Thursday, March 13, 2003

Conflicted about the Conflict: Preventative Measures

Sure to be the first of many parts of my ongoing thoughts about the (currently) upcoming war on Iraq.  The short of it is that am I opposed to the war in general terms — I’m opposed to war period — but there are lots of pieces which need to be examined along the way.  The anti-war protestors are not always right.

One of the reasons the Bush Administration keeps claiming as a need to go to war on Iraq (at this point, potentially go to war, if Iraq doesn’t disarm; more on that in a later item) is the threat of potential terrorism.  The fear not that Iraq itself will launch terrorist attacks on the United States, it’s citizens, or it’s allies, but that any “weapons of mass destruction” they have might get passed to (sold, given, stolen by) terrorist groups and then used by those groups.  Aiding and abetting, if you will.

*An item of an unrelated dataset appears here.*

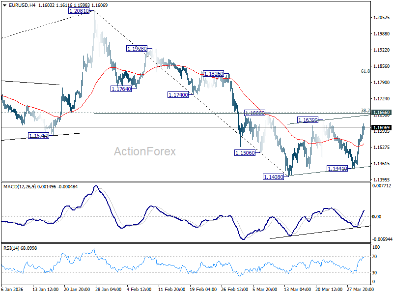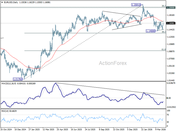 EUR/USD’s rebound from 1.1441 extended further, but still it’s capped below 1.1666 cluster resistance (38.2% retracement of 1.2081 to 1.1408 at 1.1665). Price actions from 1.1408 are viewed as a consolidations pattern and further decline is expected. On the downside, firm break of 1.1408 will resume the fall from 1.2081 to 38.2% retracement of 1.0176 to 1.2081 at 1.1353. However, decisive break of 1.1666 will argue that the fall from 1.2081 has completed, and turn bias back to the upside for 61.8% retracement of 1.2081 to 1.1408 at 1.1824.

This plays heavily off our fears from September 11, and the Bush Administration (and with them, the media outlets — liberal and conservative both — who carry the Bush Administration’s comments and then expound on them) wants us to think that Saddam Hussein will deal directly with Al Qaeda.  Al Qaeda is something of a boogie man these days, the only terrorist organization (maybe along with Hamas) which Americans can be expected to keep in our heads; all terrorists therefore collapse into the specter of Osama bin Laden.

The Bush Administration has revealed several specious (at best) “connections” between Iraq and Al Qaeda, almost desperately trying to give Americans a “smoking gun” reason for us to be in favor of going to war on Iraq.  At the same time, the media has tracked out these same “connections” and found very little to run with, and one major thing to run away from: Al Qaeda considers the secular Iraq to be an enemy (albeit not as significant a one as the United States).  And thus the likelihood of Iraq giving weapons to Al Qaeda drifts away like smoke.  (And the same would be true with any fundamentalist religious terrorist group: they are not going to make deals with a non-religious government, because such a government is their enemy.)

Occasional mentions are also made of Saddam Hussein supporting Palestinian terrorists — Hussein is anti-Israeli — but I have not not heard fears voiced that he would supply “weapons of mass destruction” to them.  And since he already has established connections there — donating money to the families of suicide bombers — such transactions would at least make sense.  That we don’t hear howling about that possibility seems to give the lie to fears about him supplying other terrorists with weapons.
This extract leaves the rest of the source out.